Может, если бы устранилась единственная преграда, то есть восстановилась бы территориальная целостность Азербайджана, освободились бы оккупированные земли, вернулись бы в родные края беженцы и вынужденные переселенцы, азербайджанские певцы и певицы выступили бы с концертами в Шуше и Джыдыр Дюзю — их жажда счастья могла бы претвориться в жизнь. Некоторые из этих певцов могли бы даже выступить на голубой свадьбе Артуша и Заура, решись последние на это. Артуш давно согласился на все, но устранить препятствия было ему не по плечу, и потому приходилось мириться с действительностью.

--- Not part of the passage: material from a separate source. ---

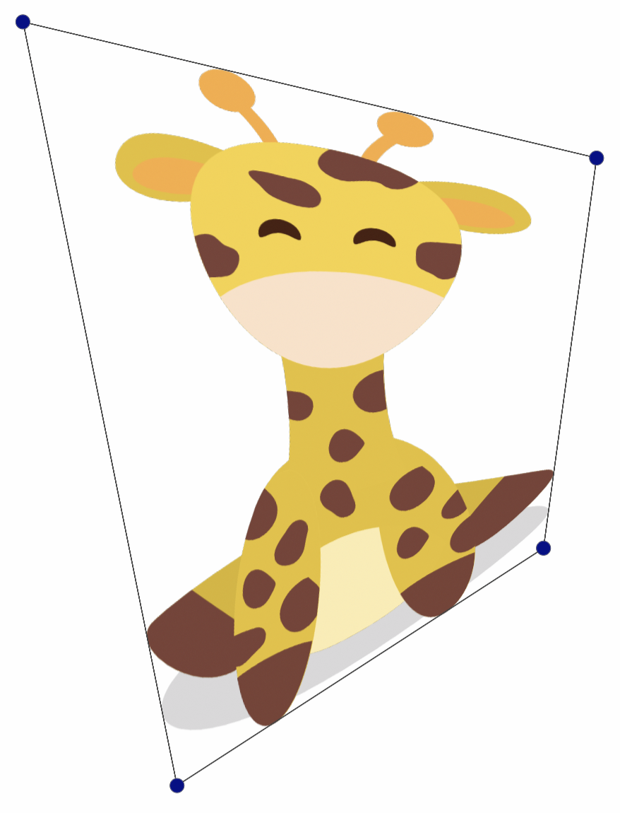 The 4-Point distortion effect stretches the object image, inside a region defined by four points. The four points can be freely positioned, and the image is distorted according to the polygon defined by the four points. The sides of the bounding box are mapped to the sides of the four point distortion polygon.

Когда пошел дождь, он был уже перед отелем. Он вошел в номер и застал Заура спящим. Одеяло соскользнуло ниже пупка, тусклый свет уличного фонаря придал его волоскам на лобке серебристый оттенок. Артуш положил пакеты на стол и разделся. Зашел в одних трусах в туалет, посмотрел на себя в зеркало, выпрямил длинные ресницы, пригладил волосы, помочился, умылся и вернулся в комнату.

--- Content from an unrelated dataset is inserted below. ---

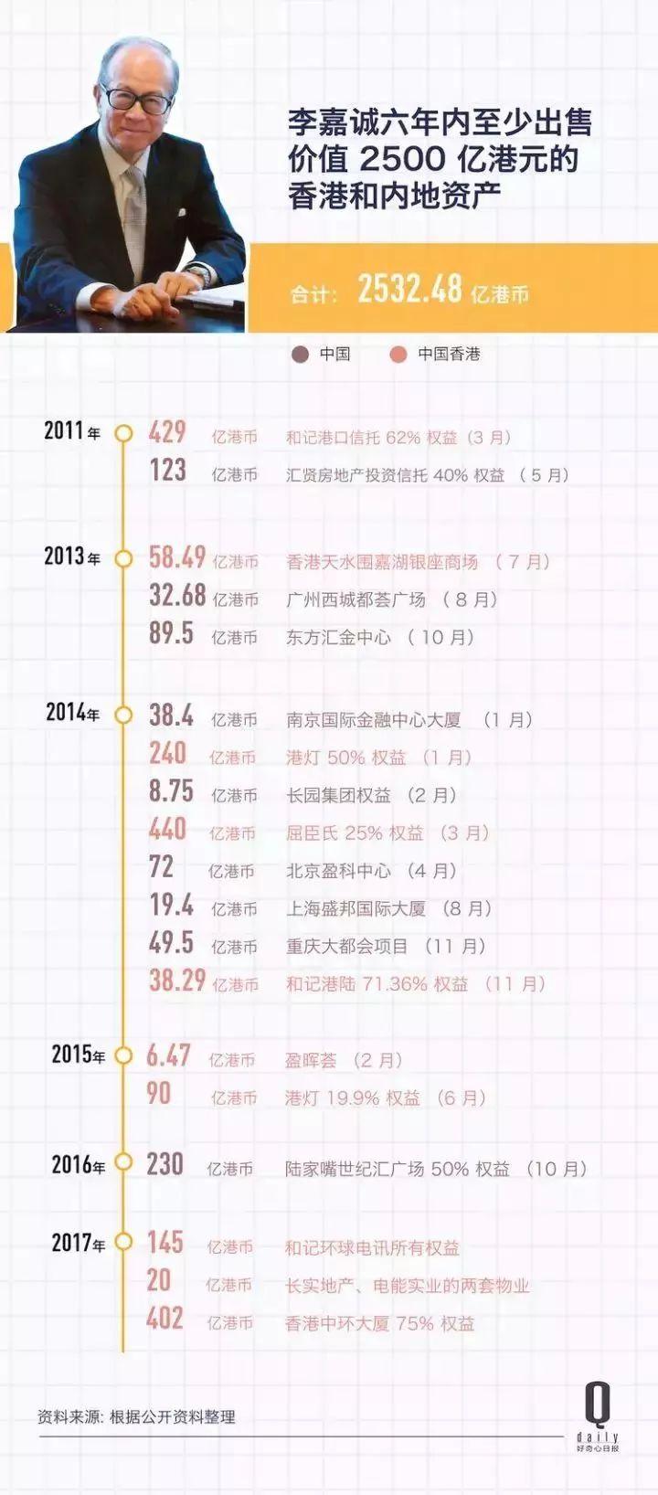 从2011年开始,李嘉诚在香港及内地开启了“卖卖卖”模式。据公开资料统计数据显示,李超人至少卖了2500亿港元的香港和内地财富。

Заур все еще спал. Не включая свет, он взял апельсин из кулька, накинул на плечи плед и, надкусив ароматную корку, подошел к окну. Прислонившись лбом к холодному стеклу, закрыв глаза, он чистил апельсин вслепую. Так хотелось в эти последние дни осени уйти под дождь, бродить по улицам старого города. Осень, казалось, не хотела расставаться с этим миром, боролась с землею и небом, грозила пальцем людям, тем, кто озабочен лишь материальным. «Нет, — подумал Артуш, — во время дождя в этом древнем городе, где каждый встречный заявляет о своем княжеском происхождении нужно находиться не на улице, а прямо здесь, рядом с любимым и смотреть из окна. О Боже, я проживаю лучшие мгновения своей жизни!».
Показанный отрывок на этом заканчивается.